START SUPPLIED INFORMATION
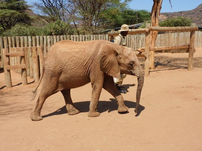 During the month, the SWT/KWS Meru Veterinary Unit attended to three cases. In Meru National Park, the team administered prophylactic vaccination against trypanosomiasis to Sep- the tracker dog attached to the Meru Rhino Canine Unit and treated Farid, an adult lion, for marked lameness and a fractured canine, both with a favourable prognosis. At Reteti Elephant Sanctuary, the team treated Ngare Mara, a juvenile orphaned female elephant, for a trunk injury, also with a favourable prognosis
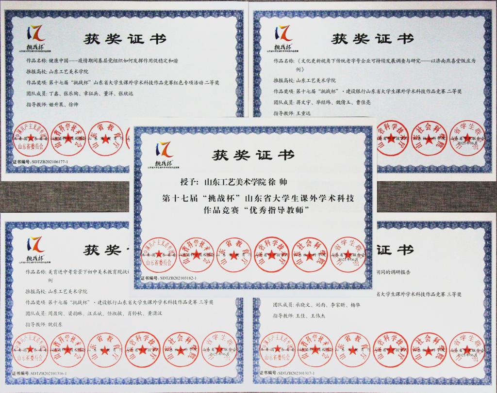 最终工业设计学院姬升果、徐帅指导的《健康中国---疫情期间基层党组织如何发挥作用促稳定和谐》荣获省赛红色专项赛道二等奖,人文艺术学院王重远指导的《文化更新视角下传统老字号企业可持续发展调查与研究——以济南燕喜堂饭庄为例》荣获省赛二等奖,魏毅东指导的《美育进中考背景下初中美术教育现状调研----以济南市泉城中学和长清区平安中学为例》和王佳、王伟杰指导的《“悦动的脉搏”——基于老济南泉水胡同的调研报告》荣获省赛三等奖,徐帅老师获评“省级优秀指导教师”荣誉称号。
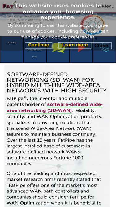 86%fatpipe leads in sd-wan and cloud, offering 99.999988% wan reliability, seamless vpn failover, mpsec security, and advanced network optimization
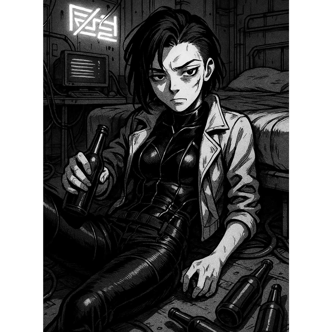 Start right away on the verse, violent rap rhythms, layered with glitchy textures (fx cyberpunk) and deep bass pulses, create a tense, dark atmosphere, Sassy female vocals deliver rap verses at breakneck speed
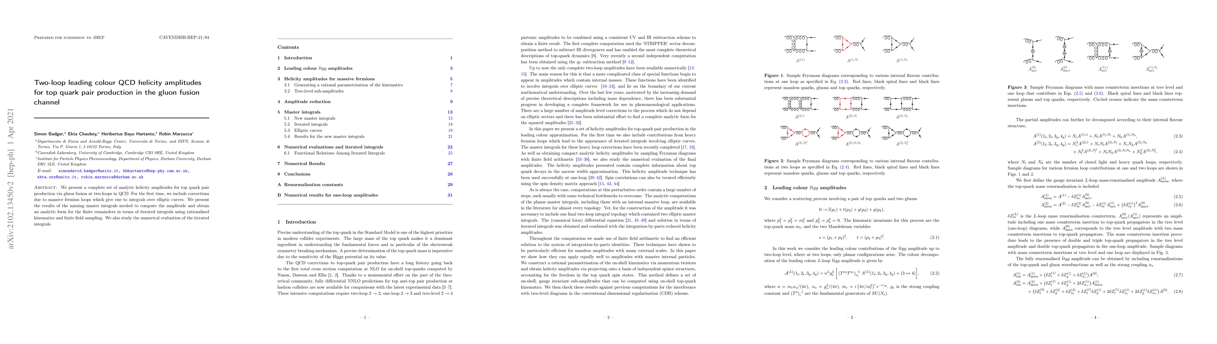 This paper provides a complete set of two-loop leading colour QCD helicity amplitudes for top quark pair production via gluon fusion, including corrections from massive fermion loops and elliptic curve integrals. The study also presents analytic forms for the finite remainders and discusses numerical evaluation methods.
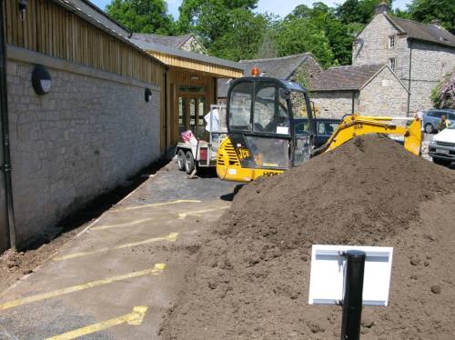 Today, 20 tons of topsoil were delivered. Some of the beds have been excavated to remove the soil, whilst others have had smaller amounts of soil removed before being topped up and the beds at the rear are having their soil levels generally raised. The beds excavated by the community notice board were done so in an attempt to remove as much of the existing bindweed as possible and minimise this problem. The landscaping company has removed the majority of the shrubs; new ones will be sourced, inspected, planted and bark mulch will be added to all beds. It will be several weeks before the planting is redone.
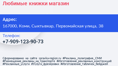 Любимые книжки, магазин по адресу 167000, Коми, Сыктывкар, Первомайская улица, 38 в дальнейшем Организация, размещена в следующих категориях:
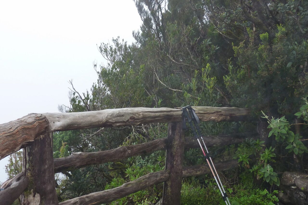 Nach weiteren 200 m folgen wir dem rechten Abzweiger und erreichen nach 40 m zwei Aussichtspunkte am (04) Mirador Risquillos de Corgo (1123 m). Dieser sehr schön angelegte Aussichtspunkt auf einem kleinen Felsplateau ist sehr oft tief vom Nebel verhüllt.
END SUPPLIED INFORMATION
* _PROBLEM TO WORK ON_
From the line containing "This paper provides" through the line containing "Today, 20 tons", copy every line above exactly, without pictures.

* _THE ANSWER_
 This paper provides a complete set of two-loop leading colour QCD helicity amplitudes for top quark pair production via gluon fusion, including corrections from massive fermion loops and elliptic curve integrals. The study also presents analytic forms for the finite remainders and discusses numerical evaluation methods.
 Today, 20 tons of topsoil were delivered. Some of the beds have been excavated to remove the soil, whilst others have had smaller amounts of soil removed before being topped up and the beds at the rear are having their soil levels generally raised. The beds excavated by the community notice board were done so in an attempt to remove as much of the existing bindweed as possible and minimise this problem. The landscaping company has removed the majority of the shrubs; new ones will be sourced, inspected, planted and bark mulch will be added to all beds. It will be several weeks before the planting is redone.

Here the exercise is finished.